Magar lets Matthis pace the stage while Pitts has the seven Caucasian actors dressed in business suits (costumes by Dede Ayite) behind her spin around on airplane seats attached to rollers. We first see them locked in what appears to be an airport waiting room with windows separating them from us. (The amazing set design is by Mimi Lien.) A few minutes into Matthis’ opening speech, those windows lift so that Pitts’s choreography can take flight as the seven supporting players (they’re credited as White Man #1, White Women #1, White Man #2 and so on) go full Busby Berkeley to form fascist symbols and designs of ethnic solidarity. The re-creation of the January 6 MAGA riot is especially breathtaking.
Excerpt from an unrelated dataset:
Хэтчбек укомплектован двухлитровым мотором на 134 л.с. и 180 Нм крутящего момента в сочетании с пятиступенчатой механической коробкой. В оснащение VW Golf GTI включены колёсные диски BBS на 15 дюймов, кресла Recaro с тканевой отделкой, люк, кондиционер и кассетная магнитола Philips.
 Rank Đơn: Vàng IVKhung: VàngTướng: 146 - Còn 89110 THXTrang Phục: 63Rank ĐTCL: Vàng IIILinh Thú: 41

When White Man #7 (Jess Barbagallo), White Woman #2 (Charlotte Bydwell) and others of their race (David Beach, Tina Benko, Zach McNally, Joseph Medeiros, Tom O’Keefe, Rory Scholl, John Selya, Nick Wyman) aren’t repeating something once said by Brett Kavanaugh or Kyle Rittenhouse, they leave their airplane seats to impersonate the Former Guy impersonating a reporter with arthrogryposis. Are these jerky, spasmodic dances supposed to reflect the inner turmoil that white people experience when they’re attempting to disguise what they all are at their core, racists?

Confession time: I never talk to people sitting next to me on an airplane, and now I know why. Rankine appears to have spent her adult life in first class asking people sitting next to her how they feel about being white. Invariably, they answer they don’t think about it, a fact that reinforces their bigotry.
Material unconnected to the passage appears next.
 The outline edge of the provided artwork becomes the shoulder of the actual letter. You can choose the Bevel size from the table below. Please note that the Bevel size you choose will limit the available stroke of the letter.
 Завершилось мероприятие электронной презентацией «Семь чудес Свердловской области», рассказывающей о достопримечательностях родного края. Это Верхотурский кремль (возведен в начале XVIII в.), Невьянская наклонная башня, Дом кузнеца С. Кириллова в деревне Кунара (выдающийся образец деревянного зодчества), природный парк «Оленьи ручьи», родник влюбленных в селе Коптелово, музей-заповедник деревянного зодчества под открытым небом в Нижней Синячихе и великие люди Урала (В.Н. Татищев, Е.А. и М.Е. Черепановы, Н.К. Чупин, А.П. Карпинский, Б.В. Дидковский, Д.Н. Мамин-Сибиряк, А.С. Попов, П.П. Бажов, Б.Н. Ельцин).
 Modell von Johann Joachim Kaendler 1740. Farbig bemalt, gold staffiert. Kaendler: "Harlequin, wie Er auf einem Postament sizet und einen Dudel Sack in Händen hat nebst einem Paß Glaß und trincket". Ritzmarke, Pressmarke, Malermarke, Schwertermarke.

Early in “Help,” the Narrator tells us that 61% of white men voted for Trump. What she doesn’t tell us is that the further you went up the economic ladder, the more likely those men went for Biden. Yet on stage, we see nothing but suits. Did Rankine never get around to interviewing anyone blue collar in those international plane trips or in her classroom at Yale? (She now teaches at NYU.)  Matthis wears a kind of upscale jumpsuit that would not look out of place in any Amazon warehouse.
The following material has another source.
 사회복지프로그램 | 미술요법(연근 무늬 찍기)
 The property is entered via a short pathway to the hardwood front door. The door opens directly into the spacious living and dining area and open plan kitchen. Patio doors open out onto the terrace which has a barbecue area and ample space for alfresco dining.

The Narrator’s interviews tend to provoke a patronizing sameness from white people that is bookended by two slightly more revealing conversations. One occurs early in “Help” when the Narrator calls out the racist perspective of her white female therapist (Benko, acting superior) and the other comes much later when the Narrator gets into a heated exchange on race with her white male spouse (O’Keefe, acting even more smugly superior). The more the Narrator interviews people, the narrower her focus. Clearly, neither the therapist nor the husband voted for Trump, but in Rankine’s play, they’re deemed just as hopeless — my word, not the playwright’s — as the Fox talking heads or Martha Washington.

“Help” ends with an emergency call: “There’s no swerving away from the supremacy of whiteness… the project of ‘educating’ white people has failed.” (The essay by the “highly trained, experienced and deeply committed social activist” Ruby Neil Sales in the Playbill make for even more fascinating reading: “I see whiteness as a culture that seeds and fertilizes spiritual malformation and social perversion everywhere.”) It reminded me of something I read in high school by Susan Sontag, who, with the exception of Shakespeare and a few other dead men, considered Western Civilization to be the worst thing that ever happened to the planet. Sontag always did sound like a revolutionist in the parterre box complaining about the tenor’s high notes. For Rankine, the revolution begins not in the opera house but in the first class section of a flight between the coasts.

More conciliatory words come from the show’s gifted director. “Theater has always asked us to step into the shoes of another,” Magar writes in the Playbill. In her hands, “Help” achieves precisely that.